Con una narrativa atravesada por la más atroz de las ausencias, Marta Dillon transforma todo aquello que podría ser angustiante o perturbador en un texto luminoso en el que prevalece la belleza. La escritora nos hace recorrer un tejido grande y oscuro que su paso por H.I.J.O.S ayudó a desenhebrar y convertir en rebelión colectiva.

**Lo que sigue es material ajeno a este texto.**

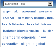 The tag cloud appears on the right side of the Search Results page. The tag cloud is a set of tags wherein each tag's size is determined by the number of objects that it is applied to in the search results. Tags that have been applied to a greater number of objects in the search results are larger than tags that have been applied to fewer objects in the search results.
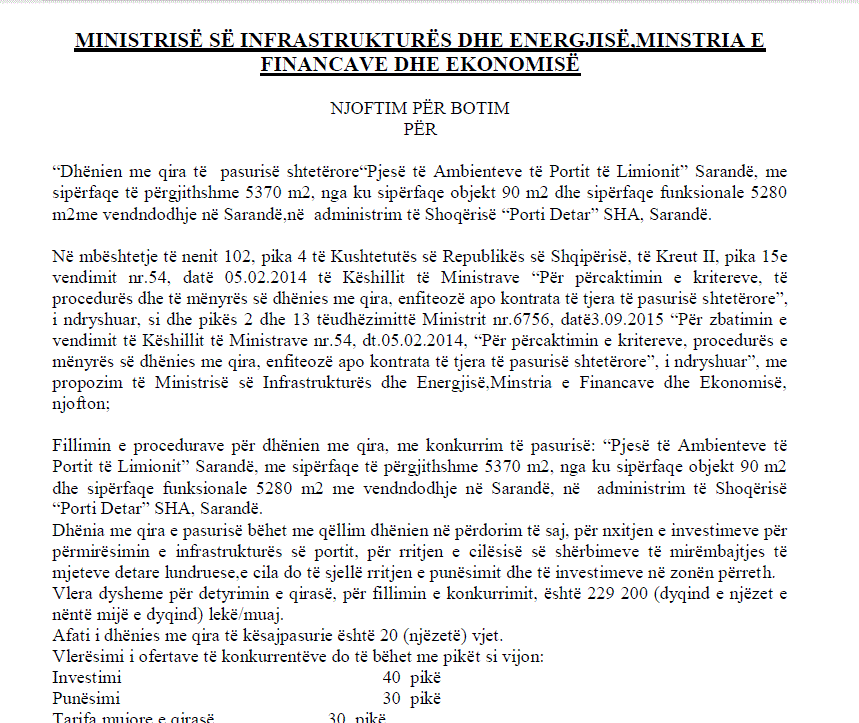 Në njoftimin e qerasë thuhet se hapet gara për dhënien me qera të pasurisë shtetërore“Pjesë të Ambienteve të Portit të Limionit” Sarandë, me sipërfaqe të përgjithshme 5370 m2, nga ku sipërfaqe objekt 90 m2 dhe sipërfaqe funksionale 5280 m2 me vendndodhje në Sarandë,në administrim të Shoqërisë “Porti Detar” SHA, Sarandë”.

“No quería imaginarme qué podía pasar ahora que el océano entero me separaba de mi hija mayor. El timbre musical del teléfono me enervaba y ni siquiera me servía para ubicarlo; el auto entero era un descontrol con los abrigos, sanguchitos, bebidas y carteras despanzurradas, juguetes y un bolso a medio abrir. A los gritos pedí que estacionáramos. Albertina encontró lugar en una esquina; de un lado, una plaza seca y negra rodeada de plátanos; del otro, un descampado de pasto verde con un baño público de esos a los que se entra con monedas como un faro en medio de la nada. Corrí con Furio hacia el baño, las verdaderas urgencias siempre son las que reclama el cuerpo y a quince horas de avión de mi casa era poco lo que podía hacer antes que pis. Inmersa en el olor a orín y desinfectante encontré el teléfono en la cartera, entre las llamadas perdidas no había ninguna de Naná así que alivié mi vejiga y mi corazón de madre al mismo tiempo. Antes de que Furio terminara de desenrollar dos kilómetros de papel higiénico volví al auto.
– ¿Y? -me preguntó Albertina. Está limpio, andá. ¡Te estoy preguntando quién llamó?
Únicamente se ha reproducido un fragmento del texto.